=== GIVEN DATA ===

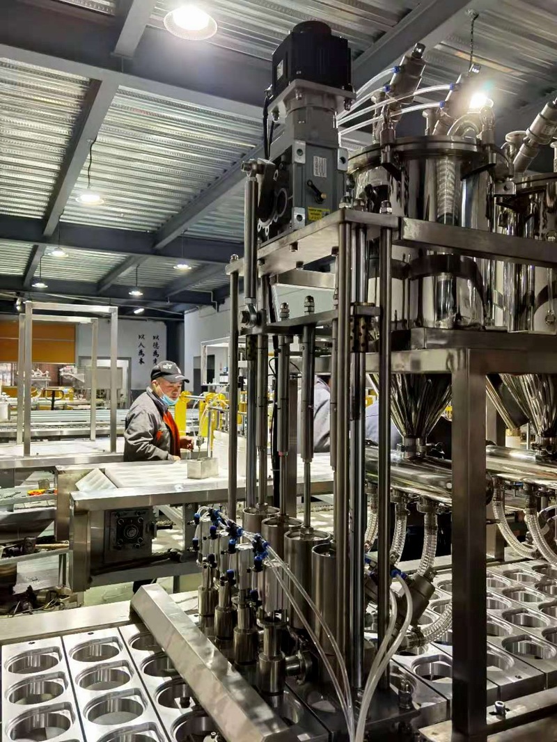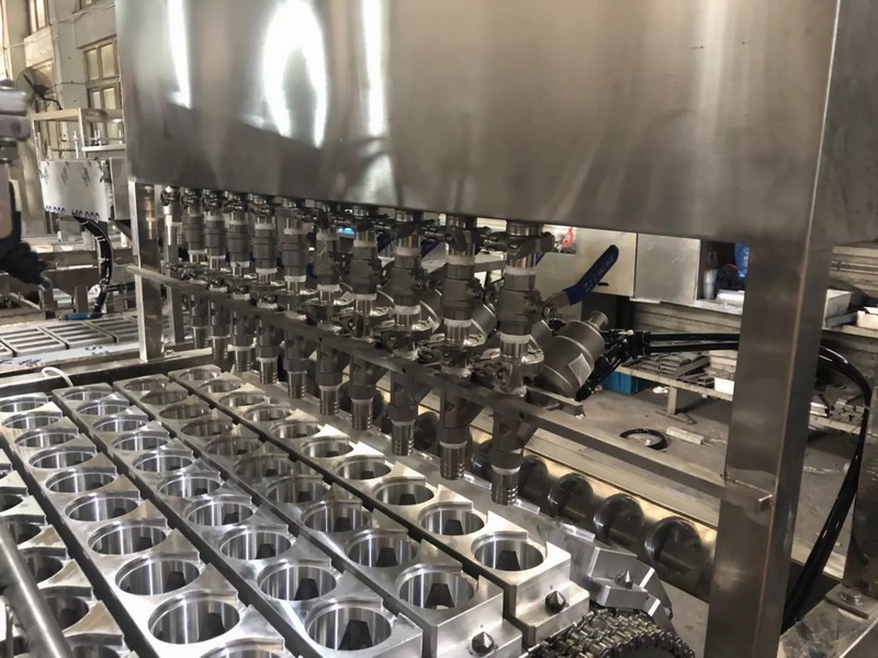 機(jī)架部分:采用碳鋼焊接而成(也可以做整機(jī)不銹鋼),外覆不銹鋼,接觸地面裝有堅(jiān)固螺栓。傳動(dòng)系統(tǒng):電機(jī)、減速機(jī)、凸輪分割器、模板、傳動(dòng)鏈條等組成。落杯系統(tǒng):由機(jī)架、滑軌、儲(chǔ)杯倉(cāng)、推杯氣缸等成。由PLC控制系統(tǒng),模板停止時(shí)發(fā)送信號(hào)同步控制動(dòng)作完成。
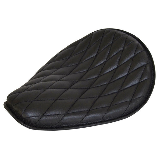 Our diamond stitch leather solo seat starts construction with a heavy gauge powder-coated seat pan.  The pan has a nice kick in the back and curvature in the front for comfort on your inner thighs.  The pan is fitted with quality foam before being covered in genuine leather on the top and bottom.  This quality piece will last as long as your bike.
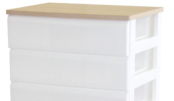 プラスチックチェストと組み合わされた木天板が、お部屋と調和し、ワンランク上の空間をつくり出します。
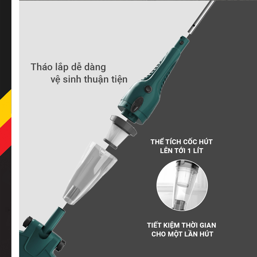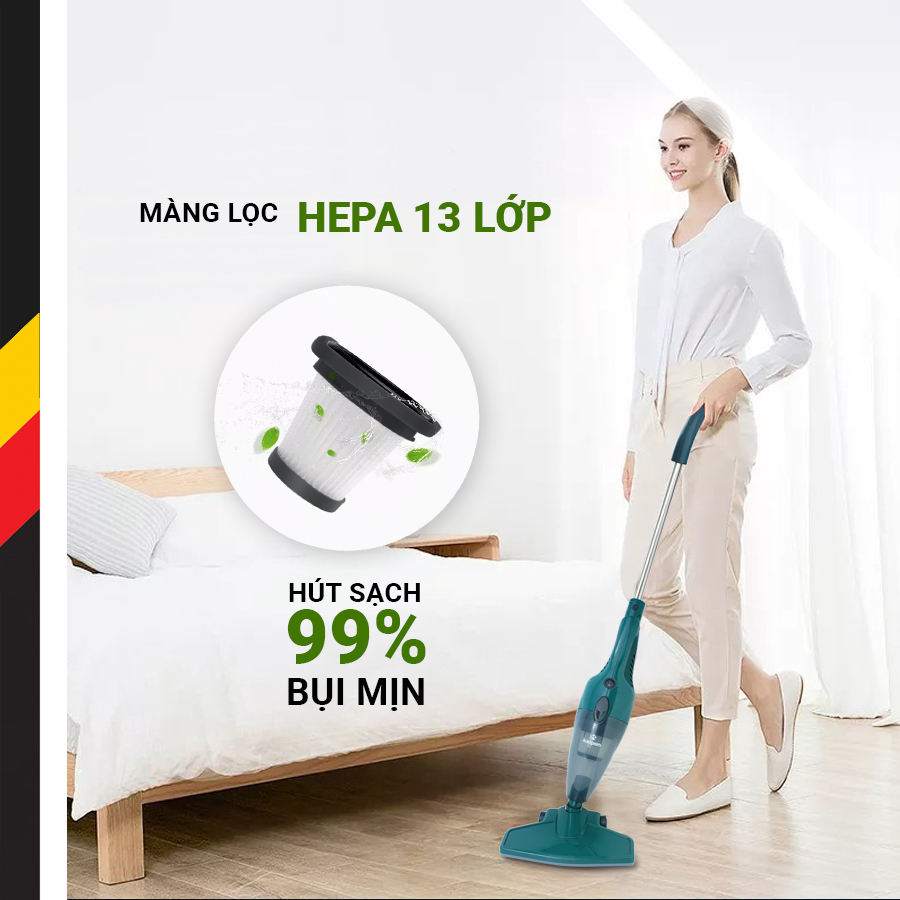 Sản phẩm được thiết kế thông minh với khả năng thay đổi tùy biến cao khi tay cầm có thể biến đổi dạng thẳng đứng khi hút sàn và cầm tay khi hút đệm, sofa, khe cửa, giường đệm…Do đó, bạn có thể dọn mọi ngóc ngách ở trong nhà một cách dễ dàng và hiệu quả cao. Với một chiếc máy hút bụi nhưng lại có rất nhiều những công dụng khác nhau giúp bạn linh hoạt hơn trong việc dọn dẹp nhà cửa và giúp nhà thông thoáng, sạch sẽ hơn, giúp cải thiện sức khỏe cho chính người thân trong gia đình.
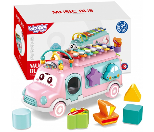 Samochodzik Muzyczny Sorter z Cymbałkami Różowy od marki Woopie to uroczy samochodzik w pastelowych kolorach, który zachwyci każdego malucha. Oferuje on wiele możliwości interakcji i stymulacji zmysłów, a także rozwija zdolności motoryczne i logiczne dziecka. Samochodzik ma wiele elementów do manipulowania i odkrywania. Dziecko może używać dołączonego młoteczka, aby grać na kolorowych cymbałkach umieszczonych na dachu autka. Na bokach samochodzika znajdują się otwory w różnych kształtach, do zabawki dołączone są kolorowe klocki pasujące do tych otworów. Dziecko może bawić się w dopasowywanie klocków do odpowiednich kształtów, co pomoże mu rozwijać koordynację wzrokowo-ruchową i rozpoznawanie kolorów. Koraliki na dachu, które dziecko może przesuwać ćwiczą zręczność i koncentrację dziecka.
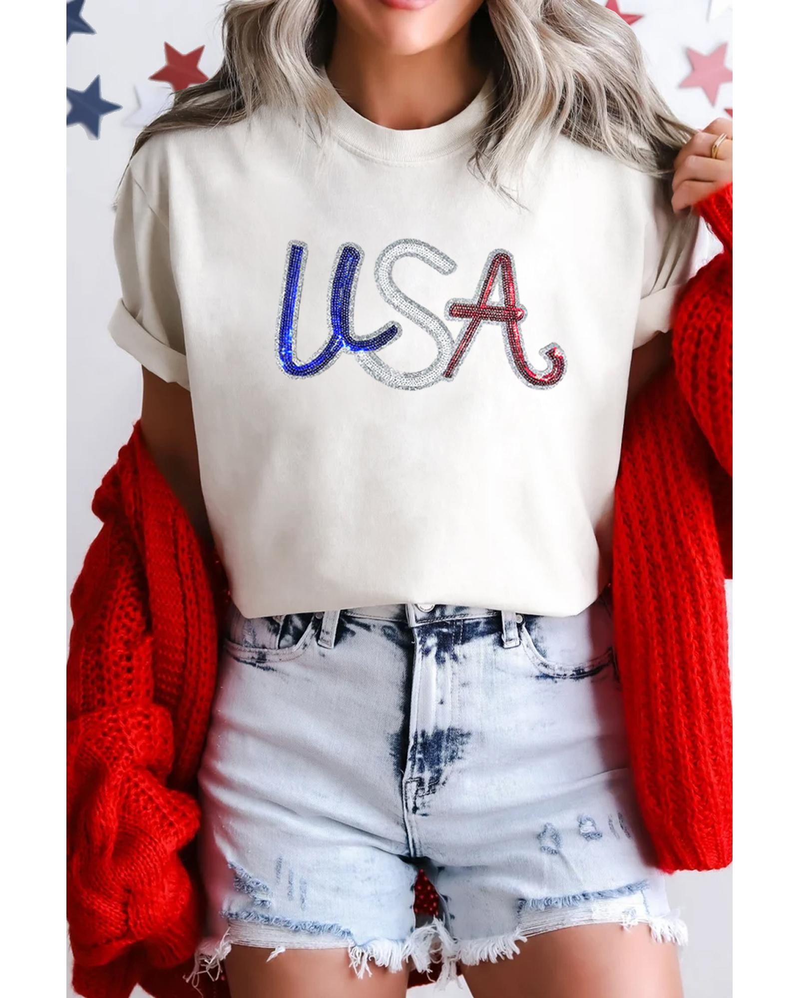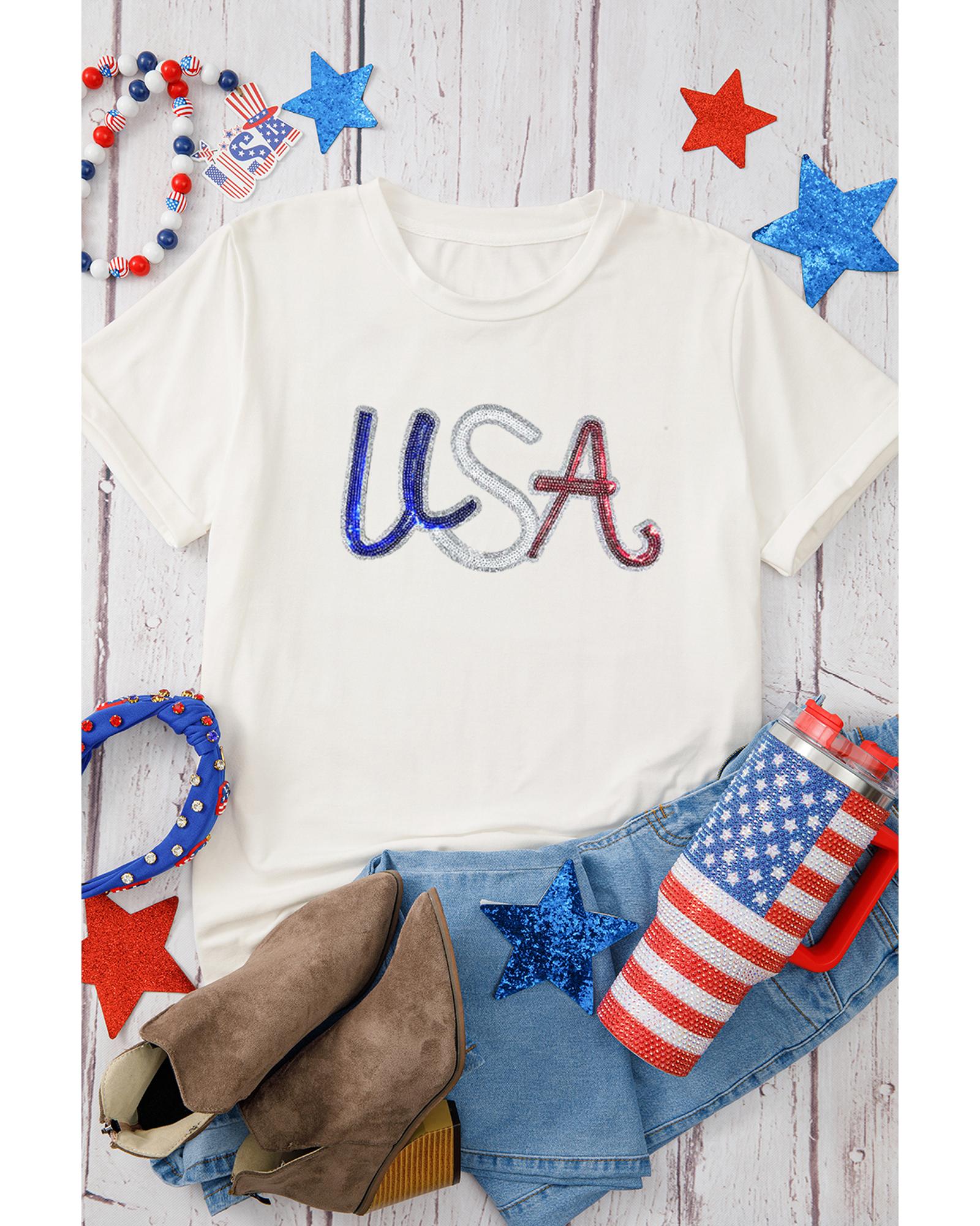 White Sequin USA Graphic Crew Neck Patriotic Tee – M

===

** DIRECTIONS **
Reproduce the data above line for line, from its first line through the line containing "プラスチックチェストと組み合", both ends included, with the pictures omitted and nothing more.

** SOLUTION **
 機(jī)架部分:采用碳鋼焊接而成(也可以做整機(jī)不銹鋼),外覆不銹鋼,接觸地面裝有堅(jiān)固螺栓。傳動(dòng)系統(tǒng):電機(jī)、減速機(jī)、凸輪分割器、模板、傳動(dòng)鏈條等組成。落杯系統(tǒng):由機(jī)架、滑軌、儲(chǔ)杯倉(cāng)、推杯氣缸等成。由PLC控制系統(tǒng),模板停止時(shí)發(fā)送信號(hào)同步控制動(dòng)作完成。
 Our diamond stitch leather solo seat starts construction with a heavy gauge powder-coated seat pan.  The pan has a nice kick in the back and curvature in the front for comfort on your inner thighs.  The pan is fitted with quality foam before being covered in genuine leather on the top and bottom.  This quality piece will last as long as your bike.
 プラスチックチェストと組み合わされた木天板が、お部屋と調和し、ワンランク上の空間をつくり出します。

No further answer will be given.